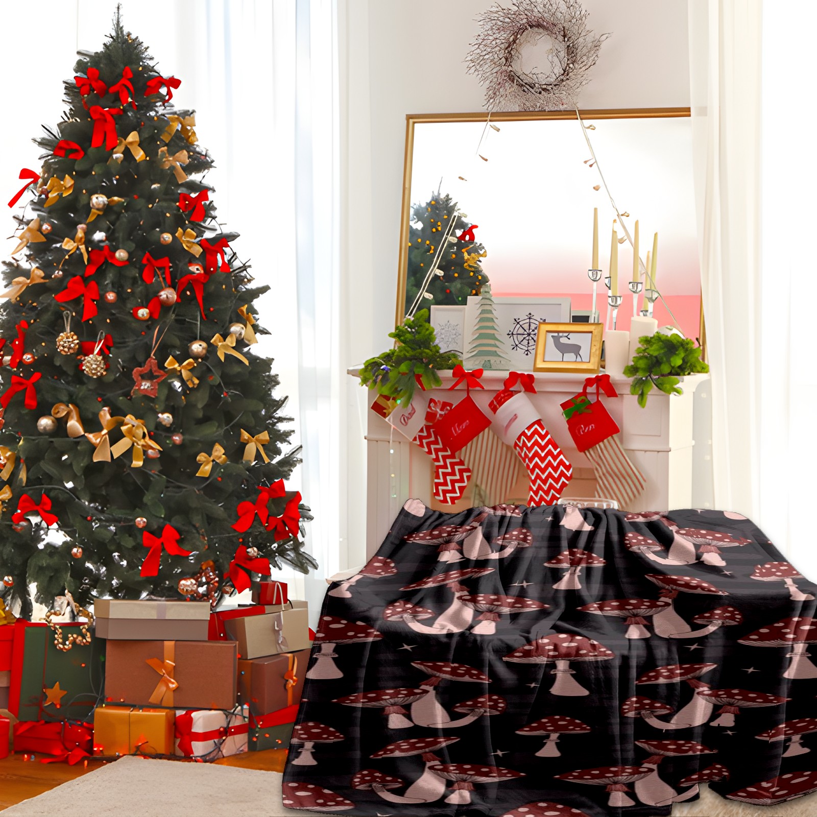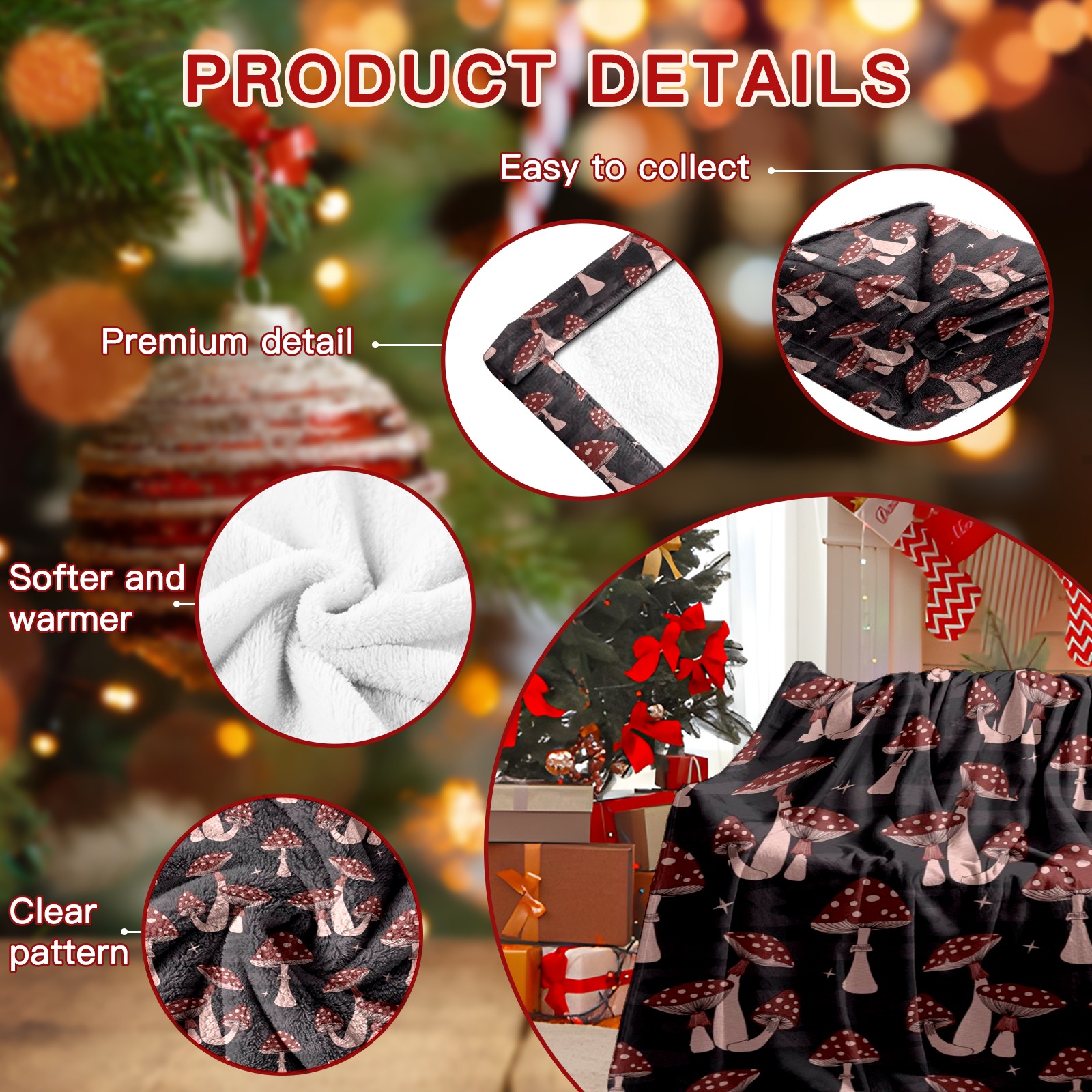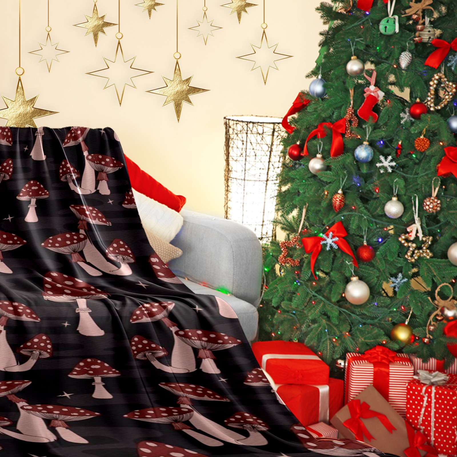 Премиальная фланелевая одеяло Dark Red Mushrooms
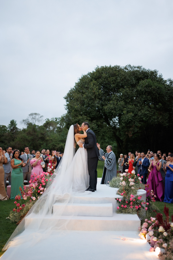 Vicenza e Michael disseram o “sim” em um destination wedding em Trancoso, ao entardecer, na presença de 180 pessoas. Como o casal mora fora do Brasil, um dos desafios foi planejar o casamento à distância.
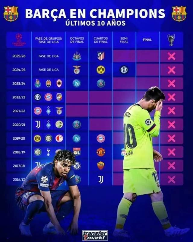 更扎心的不是巴萨已经11年没能拿到欧冠冠军了,而是在这11年中,巴萨死敌皇马拿到了5次欧冠冠军。另外,在欧冠道路上,马竞也成了巴萨名副其实的苦主,在巴萨与马竞的三次交手中,巴萨均不敌对手惨遭淘汰。除了马竞,在过去的11次欧冠比赛中,巴萨还2次输给了巴黎。
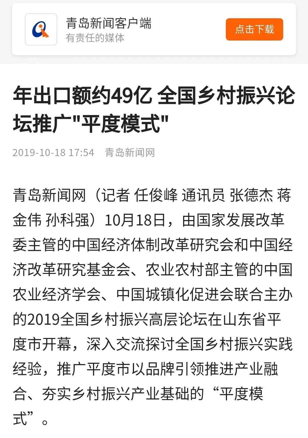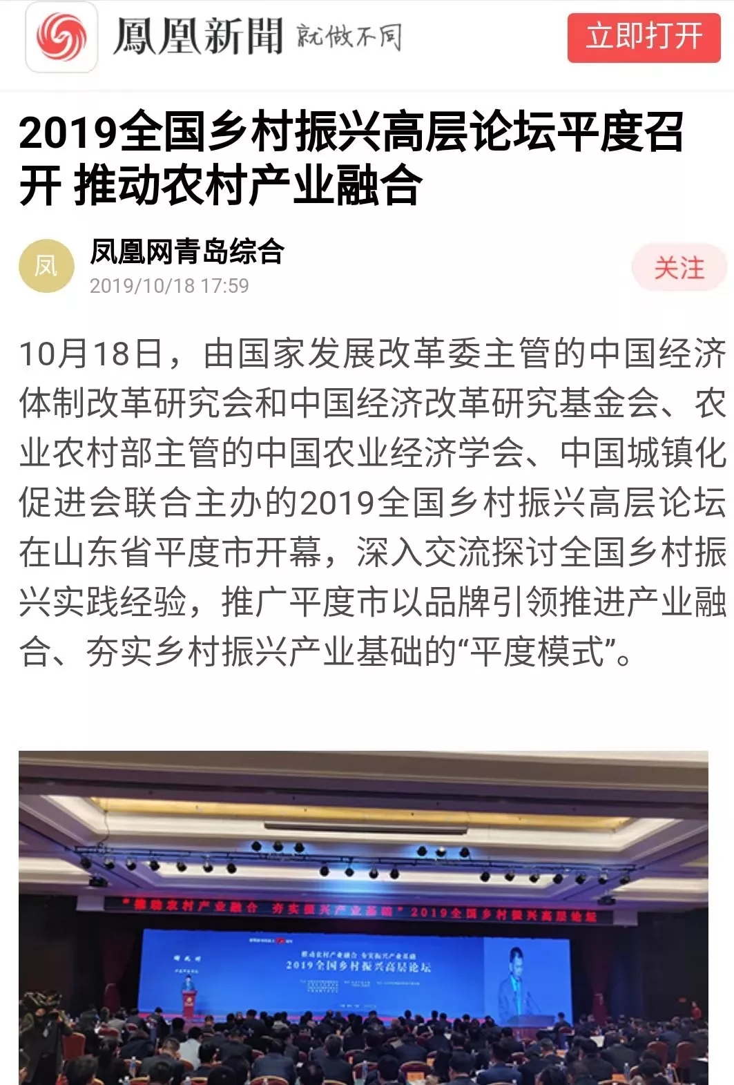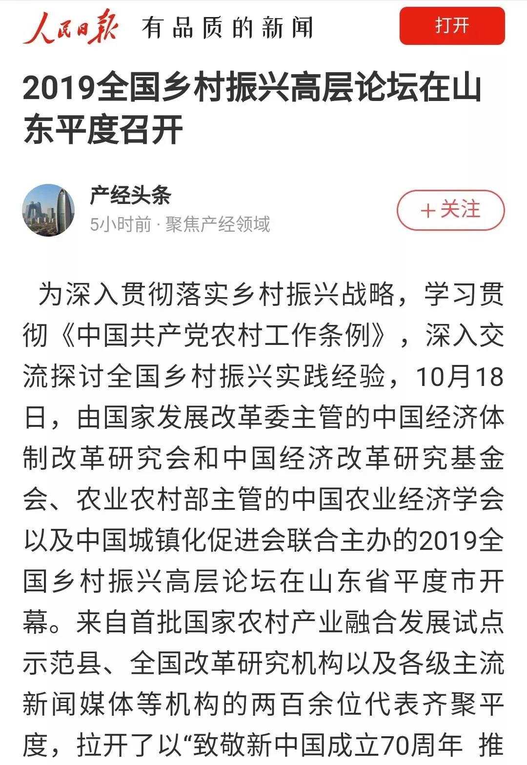 眾媒聚焦丨2019全國鄉(xiāng)村振興高層論壇在平度召開,探討推廣"平度模式"

### Problem to solve
What the reply must contain is an exact transcription of the data above and none of its pictures.

### Task output
 Премиальная фланелевая одеяло Dark Red Mushrooms
 Vicenza e Michael disseram o “sim” em um destination wedding em Trancoso, ao entardecer, na presença de 180 pessoas. Como o casal mora fora do Brasil, um dos desafios foi planejar o casamento à distância.
 更扎心的不是巴萨已经11年没能拿到欧冠冠军了,而是在这11年中,巴萨死敌皇马拿到了5次欧冠冠军。另外,在欧冠道路上,马竞也成了巴萨名副其实的苦主,在巴萨与马竞的三次交手中,巴萨均不敌对手惨遭淘汰。除了马竞,在过去的11次欧冠比赛中,巴萨还2次输给了巴黎。
 眾媒聚焦丨2019全國鄉(xiāng)村振興高層論壇在平度召開,探討推廣"平度模式"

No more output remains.